Невинная. В уплату долга - Екатерина Ромеро
Ладонями своими птичка живот обхватила в защитном жесте и я просто охреневаю, когда замечаю в ее правой руке нож. Становится еще хреновей. Она готовилась защищаться. От меня.
Осторожно нож из ее ладони убираю. От греха подальше. Чтоб не поранила себя. Мне с головой ножниц хватило.
Приседаю напротив девочки на корточки. Внимательно смотрю на руки, лицо, бедра. Вроде все сносно, даже ночнушка не разорвана. Крови нигде нет, синяков тоже. В том числе на ногах.
Блядь…Нет. Замечаю красные отметины на ее запястьях. От жестокого захвата. Моего захвата.
Сжимаю руки в кулаки. Пожалуйста, только не это…
Птичка спит. Ресницы только длинные трепещут на закрытых глазах. Губы пухлые бантиком сложила. Манящая. Слышу ее дыхание. Медленное. Размеренное.
Мне надо узнать, что произошло ночью.
Провожу костяшкой руки по ее нежной щеке.

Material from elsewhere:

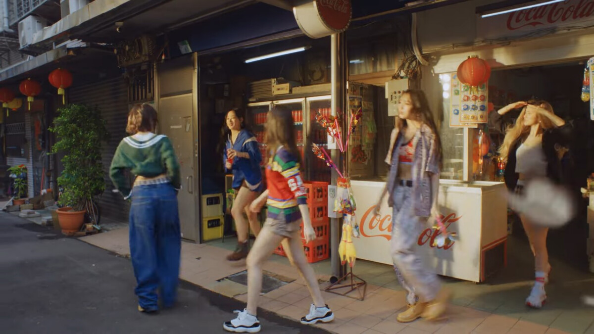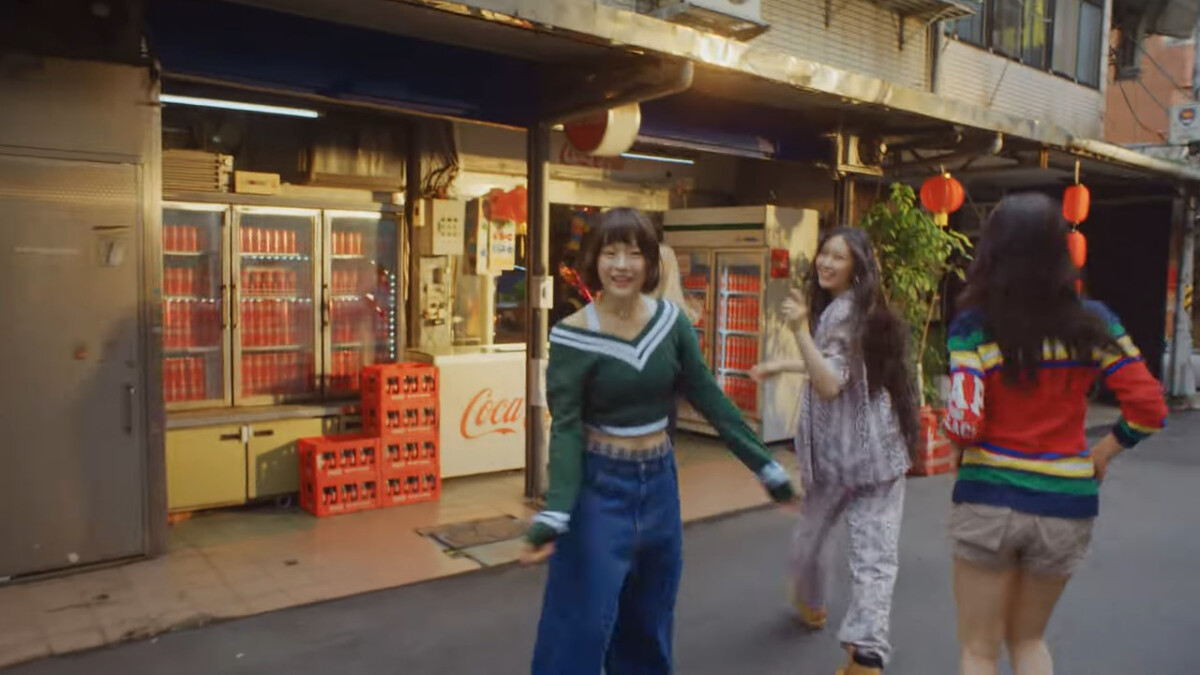 NewJeans在MV中踏著開心的步伐,走進外觀都是可口可樂的傳統柑仔店,來踩點的Bunnies雖然看不見與MV一樣的布景,但還是可以像她們一樣享受挑糖果的樂趣,順便找回童年的懷舊時光。

– Илана. Посмотри на меня.
Одно мгновение, и птичка глаза свои открывает. Тут же утопаю в ее зеленых омутах. Как у куклы глаза. Красивые. Напуганные только стают. При виде меня.
Она сразу вся как-то подбирается. Отшатывается назад на кресло, когда видит нож у меня в руке. Тут же убираю его. Черт.
– Спокойно. Не бойся.
Показываю ей ладони. Делаю глубокий вдох. Нам надо успокоится.
– Почему ты здесь? Всю ночь тут была?
Илана так и сидит. Смотрит на меня только опасливо, ресницами своими хлопает, но не отвечает. Даже жестами. Вообще ничего. Руками обхватила себя. Вижу, как подрагивают ее пальцы.
– Что случилось, я…гм, обидел тебя ночью?
Сидит снова. В глазах только слезы блестеть начинают, а мне от этого головой о стену бится хочеться.
– Черт, Илана, что же я сделал с тобой, что ты даже ответить мне теперь боишься?
Вижу, как сглатывает. Глаза свои опускает. Ее пальцы все еще подрагивают, но наконец, она начинает говорить.
– Вы не помните?
Сжимаю зубы.
– Если бы помнил, не спрашивал.
– Вы пришли ко мне ночью в комнату.
Одними жестами только. Даже не смотрит на меня. Голову опустила. Стыдно ей что-ли? Чего хоть ей стыдиться-то?
– Ну это я и так понял. Что дальше было?
– Вы…подумали, что ваша жена.
Бляядь. Устало провожу рукой по лицу. Надо завязывать пить. Срочно.
Смотрю на малышку. Так и сидит на кресле. Кажется, даже дышит через раз. Это мне не нравится. Чертовски не нравится.
– Я тронул тебя? Сделал больно? Ребенку как-то навредил? Ну говори же!
Быстро качает головой.
– Нет. Я успела…убежать. Извините, что лицо вам поцарапала.
Почему-то кожа на щеке от ее слов жечь еще больше начинает, но могу наконец вздохнуть нормально. С облегчением.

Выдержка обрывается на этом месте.